§ Exercise description
Write out the listing from the line with "spins around.3 points" to the line with "Uno de sus mayores", both lines included, exactly and nothing beyond. Leave pictures out.

§ Entries supplied
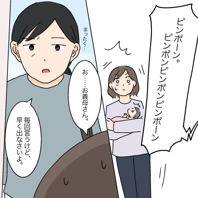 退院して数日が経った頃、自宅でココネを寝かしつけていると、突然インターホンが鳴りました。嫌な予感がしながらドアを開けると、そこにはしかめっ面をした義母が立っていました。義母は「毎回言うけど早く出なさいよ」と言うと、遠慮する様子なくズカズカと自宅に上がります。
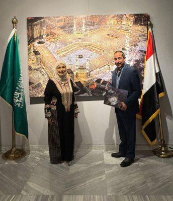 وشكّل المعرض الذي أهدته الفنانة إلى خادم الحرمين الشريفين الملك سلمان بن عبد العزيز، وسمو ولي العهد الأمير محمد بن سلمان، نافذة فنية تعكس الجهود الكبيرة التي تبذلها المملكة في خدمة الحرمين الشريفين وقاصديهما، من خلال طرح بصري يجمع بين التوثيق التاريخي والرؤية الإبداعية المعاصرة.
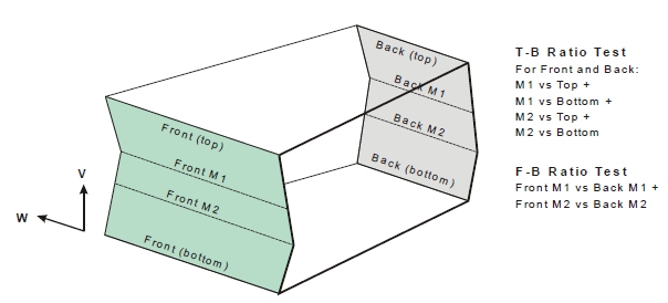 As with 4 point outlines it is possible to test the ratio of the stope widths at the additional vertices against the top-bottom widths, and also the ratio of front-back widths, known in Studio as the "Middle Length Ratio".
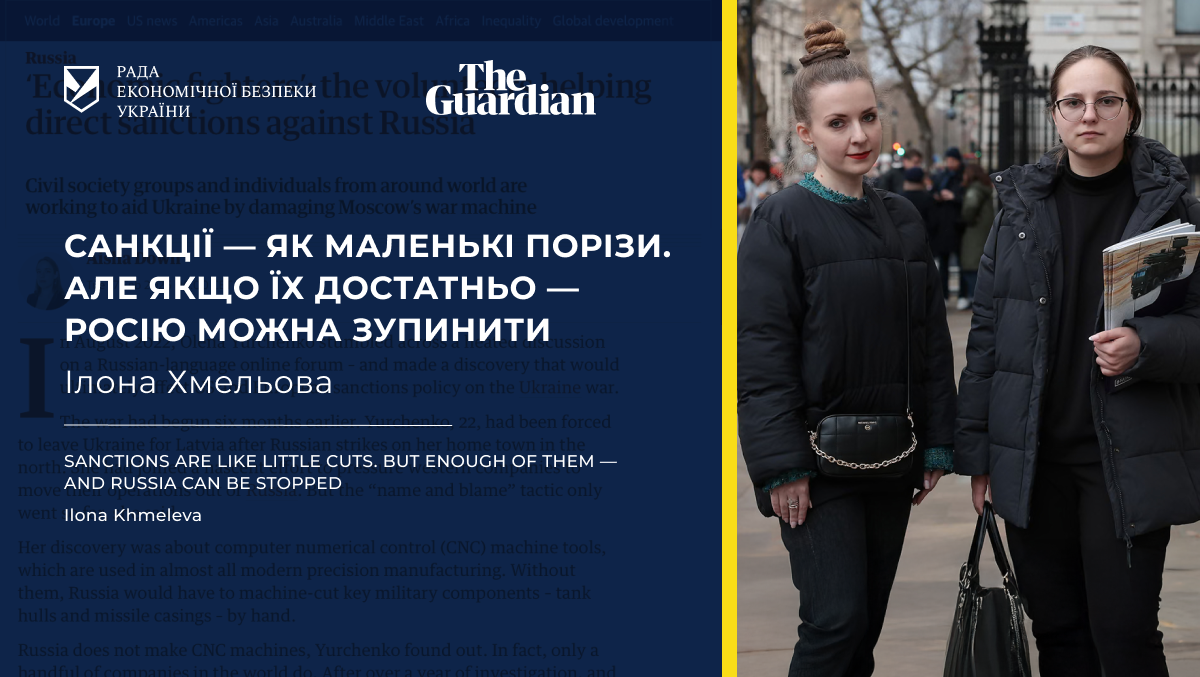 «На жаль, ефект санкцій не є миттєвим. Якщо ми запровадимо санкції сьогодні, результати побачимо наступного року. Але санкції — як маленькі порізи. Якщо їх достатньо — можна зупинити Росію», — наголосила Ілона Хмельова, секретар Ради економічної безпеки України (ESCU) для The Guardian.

==

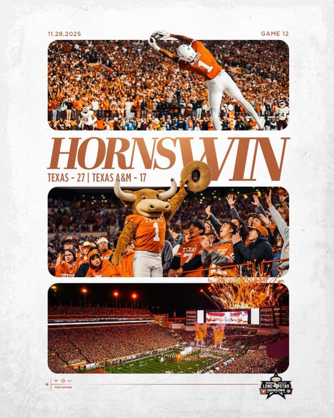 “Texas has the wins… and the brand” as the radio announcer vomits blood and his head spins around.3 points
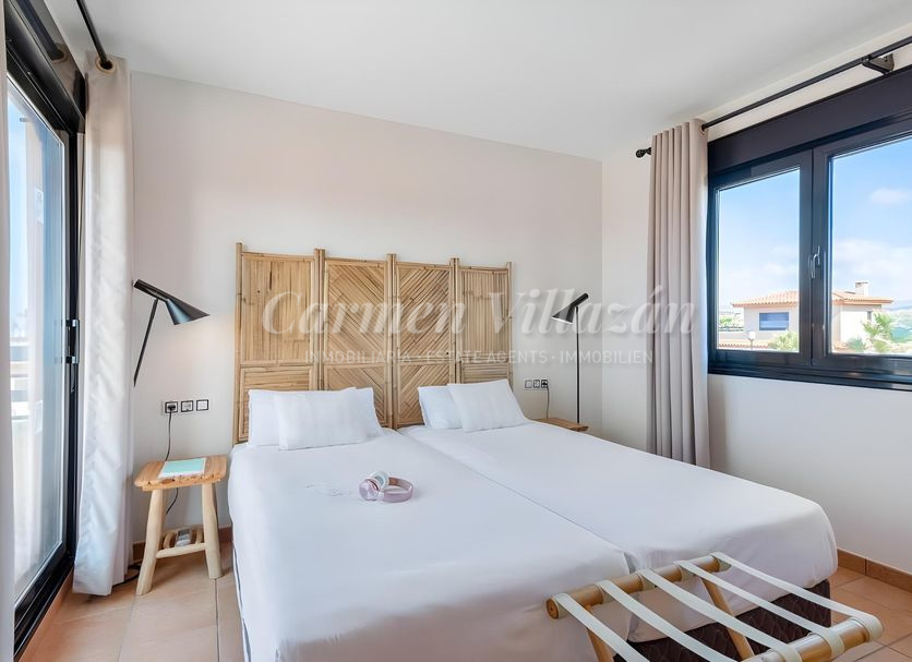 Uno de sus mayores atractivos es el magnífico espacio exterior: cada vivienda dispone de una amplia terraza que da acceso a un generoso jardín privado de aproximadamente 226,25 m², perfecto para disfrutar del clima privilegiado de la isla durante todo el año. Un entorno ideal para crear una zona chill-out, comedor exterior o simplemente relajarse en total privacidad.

--

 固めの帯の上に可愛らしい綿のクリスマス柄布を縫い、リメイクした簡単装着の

§ Exercise output
 “Texas has the wins… and the brand” as the radio announcer vomits blood and his head spins around.3 points
 Uno de sus mayores atractivos es el magnífico espacio exterior: cada vivienda dispone de una amplia terraza que da acceso a un generoso jardín privado de aproximadamente 226,25 m², perfecto para disfrutar del clima privilegiado de la isla durante todo el año. Un entorno ideal para crear una zona chill-out, comedor exterior o simplemente relajarse en total privacidad.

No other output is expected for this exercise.